- Joined
- Aug 14, 2018
- Messages
- 2,816
- Likes
- 8,282
It seems like you make some artificial distinction between the terms 'hifi' and 'audiophile'. Like one is 'good' and the other is 'bad'.
'High Fidelity' translates to 'highly true to the original'. And not to the best possible reproduction, otherwise people would have called it 'Best-fi' or 'Ulti-fi' or something like that. Hi-fi is an old term and refers historically to the DIN 45500 norm (DIN = Deutsche Industrie Norm). This DIN Norm consisted of certain minimum norms (frequency responce, SNR etc.) before you could call sound equipment 'hi-fi'. These DIN Norms are already very old and even lots of cheap modern appliances can easily cope with these DIN norms.
As said Hi-fi is an old term which originated around 1931: https://en.wikipedia.org/wiki/High_fidelity#DIN_45500.
Compared to current standards the Hi-Fi norm is more or less meaningless and outdated and certainly not as strict as you seem to define it.
According to Wiki an "audiophile is a person who is enthusiastic about high-fidelity sound reproduction.[1] An audiophile seeks to reproduce the sound of a live musical performance, typically in a room with good acoustics. It is widely agreed that reaching this goal is very difficult and that even the best-regarded recording and playback systems rarely, if ever, achieve it.[2][3]".
https://en.wikipedia.org/wiki/Audiophile
Do you see a distinction between the two terms above? I do not. And why do you think audiophile means 'a coloured sound'? It simply means 'being enthusiastic about hifi'.
In short: The distinction you make between the two is non existent. It is of course possible that some audiophiles go too far in there hobby (as people can do in any hobby), but in the end it is both about hi-fi (or reaching for the best possible sound).
Conclusion: I don't get your point.
I think this comment (which I know is from some time ago) captures the issue nicely, in two specific statements.

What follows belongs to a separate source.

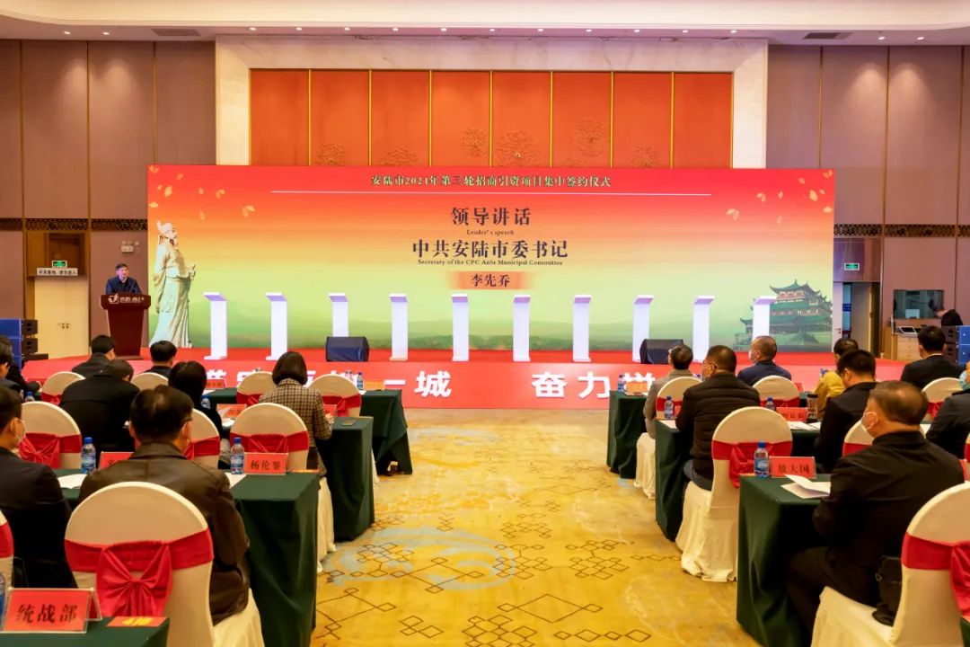 11月7日,安陆市举行2021年第三轮招商引资项目集中签约活动。年产1万吨高性能电子铜箔、年产225套智能高速瓶盖模压机、绿沃川智慧农旅、高端铝合金新型材料等31个项目成功签约,合同引资额56.2亿元。

One is the Wikipedia definition of "audiophile." To me the first sentence is uncontroversial and I would guess that we would all agree that it describes what an audiophile is, or at least should be: someone enthusiastic ("-phile") about sound ("audio"). But the second sentence is where the door cracks open to allow in the whole culture of audiophilia, which goes beyond the first sentence and in some important ways often ends up contradicting the first sentence. Given the proportion of commercially available music that is not actually a recording of a live performance - along with the fact that a majority of listeners do not necessarily have a live reference for what a particular voice, instrumental performance, or piece of music actually would sound like live - "live music" becomes a kind of euphonic fetish: a lot of people end up chasing a perceptual experience that they believe or fantasize sounds or feels like a live recording. So deep bass "oomph" can feel live precisely because you can feel it. Mid-bass warmth can sound live because it can produce resonances that lead to a perception of a more 3D soundstage. Second-order harmonic distortion in the upper-mids, by creating new musical-sounding harmonics, can lend a feeling of "sweetness" or a tiny bit of extra perceived ambience, which sound and feel "real". And lower to mid-treble elevation can, if it doesn't sound harsh, produce a perception of "air" and "detail" than can make one feel like the music is sort of leaping into the room. So much of audiophile culture is about manufacturers voicing their products to produce one or more of these effects, and audiophiles chasing various forms or combinations of these effects through means that we are all familiar with.
So even though it seems reasonable and logical, I would suggest that "live performance" reproduction has become an audiophile fetish that gets applied across the board to all recordings, even though most can't be reproduced that way in the average listener's home (or anywhere, in the case of most modern studio productions).
The second statement I find interesting is the notion that "high fidelity" is a basic minimum that's lower than - and separate from - "best fidelity" and that "audiophile" refers to the latter and not the former. That point about the DIN-45500 standard is interesting, but I would say as a matter of common sense that the term "high fidelity" long ago stopped being limited to what was possible on common equipment in 1931. There is no "extra fidelity" beyond high fidelity - it's not like pros and engineers in the audio field are saying, "okay, what came out of the mixing desk isn't the same as what went in, but it's close enough because we're only concerned with high fidelity but not total fidelity." So again, I think this is an example of how audiophile culture posits a level of sonic reproduction that is "higher than hi-fi." And I would argue that that "higher than hi-fi" sound is actually less faithful to the source than hi-fi, as it's about the euphonics noted above.